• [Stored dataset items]
_ _ _

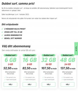 Verkar som att befitliga kunder kan ändra surfmängden och dra nytta av erbjudandet igen, eller kommer det inte gå att slutföra? Någon som provat? Så här ser det ut under Mina sidor.
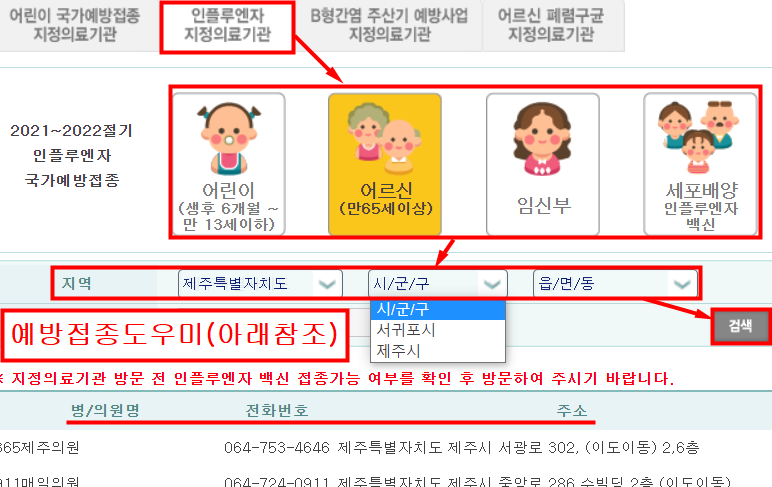 아래 제주도에서 독감 무료 예방접종 지정병원을 조회방법을 확인하세요.
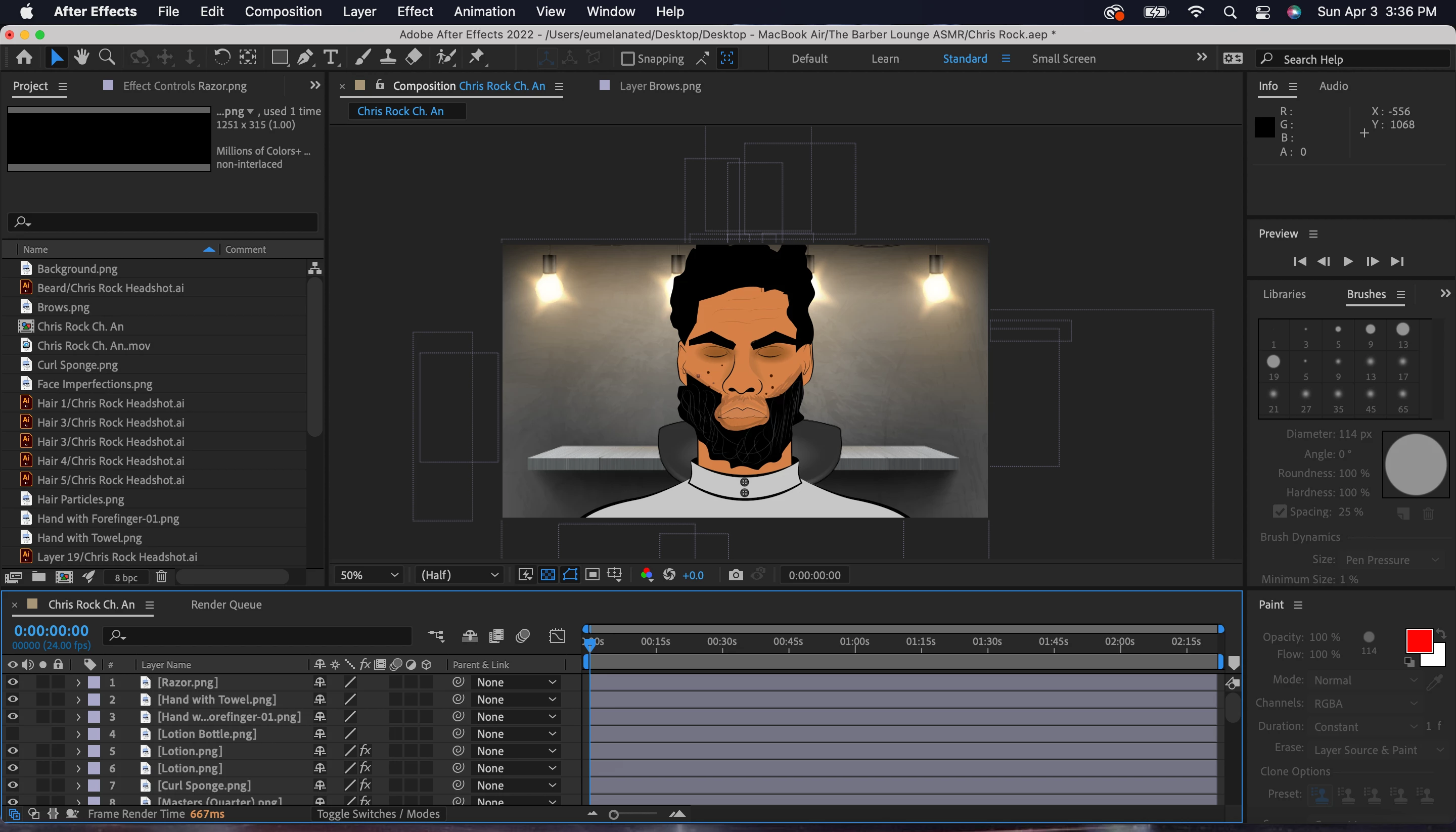 The second pic is how the video starts in AE but once exported and played in Premiere Pro, the first photo is how the video begins. I'm trying to figure out why pieces of the files are missing. The beard appears after like 20 seconds. It's like the video is all over the place once exported.
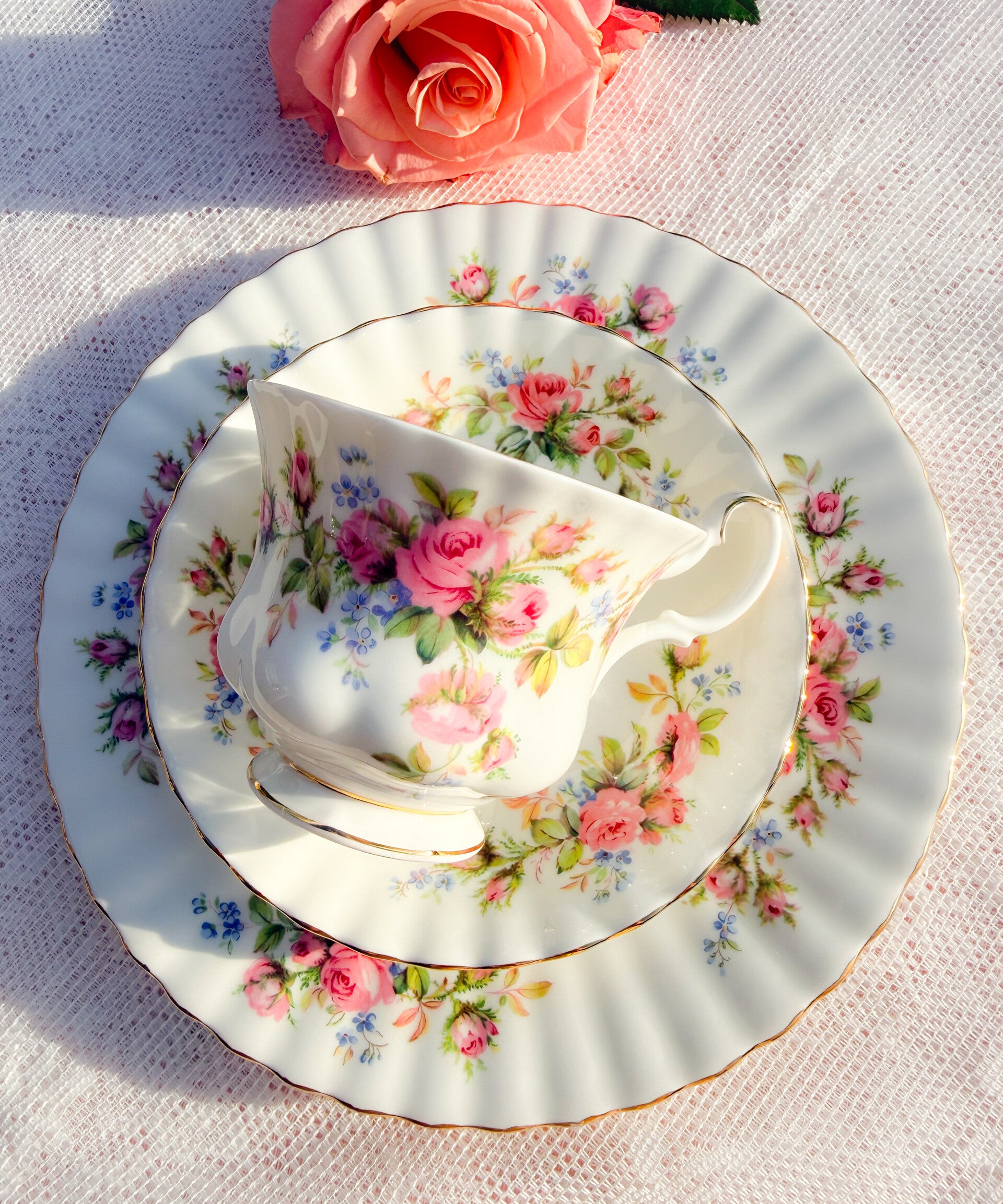 Brocante Engelse kopjes Royal Albert Moss Rose high tea servies
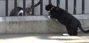 廢也就算了,偏偏Larry又是個愛惹事的主,三天兩頭找隔壁外交部的“捕鼠總管”黑貓“Palmerston”打架。
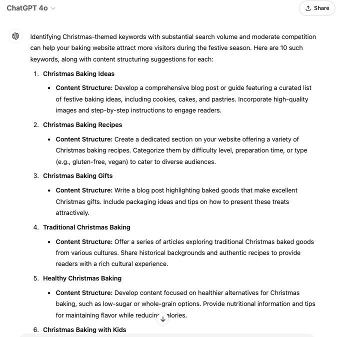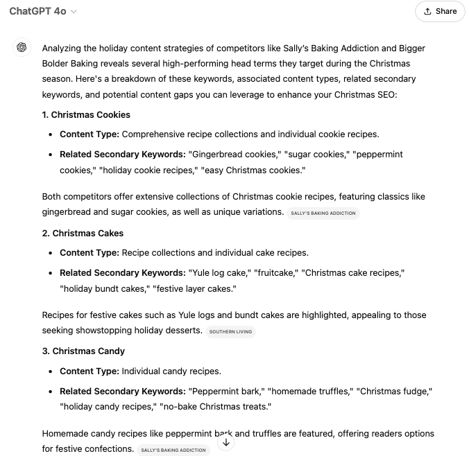 ChatGPT offers a fast and easy way to learn what your competitors are doing and use those insights to dominate the holiday season. If you want to know their best-performing keywords or content strategies, just feed ChatGPT a prompt like this:
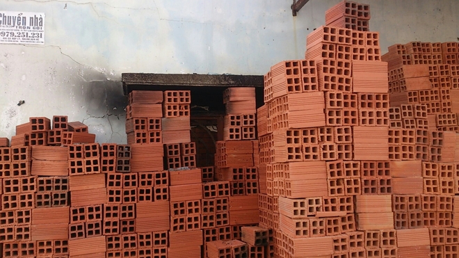 | Một cửa sổ của căn nhà bị gạch che phủ |

_ _ _

• [Work request] No pictures should appear; only the lines from the first line of the records through the line with "廢也就算了,偏偏Larry又", both included, are to be restated word for word.

• [Solution to this problem]
 Verkar som att befitliga kunder kan ändra surfmängden och dra nytta av erbjudandet igen, eller kommer det inte gå att slutföra? Någon som provat? Så här ser det ut under Mina sidor.
 아래 제주도에서 독감 무료 예방접종 지정병원을 조회방법을 확인하세요.
 The second pic is how the video starts in AE but once exported and played in Premiere Pro, the first photo is how the video begins. I'm trying to figure out why pieces of the files are missing. The beard appears after like 20 seconds. It's like the video is all over the place once exported.
 Brocante Engelse kopjes Royal Albert Moss Rose high tea servies
 廢也就算了,偏偏Larry又是個愛惹事的主,三天兩頭找隔壁外交部的“捕鼠總管”黑貓“Palmerston”打架。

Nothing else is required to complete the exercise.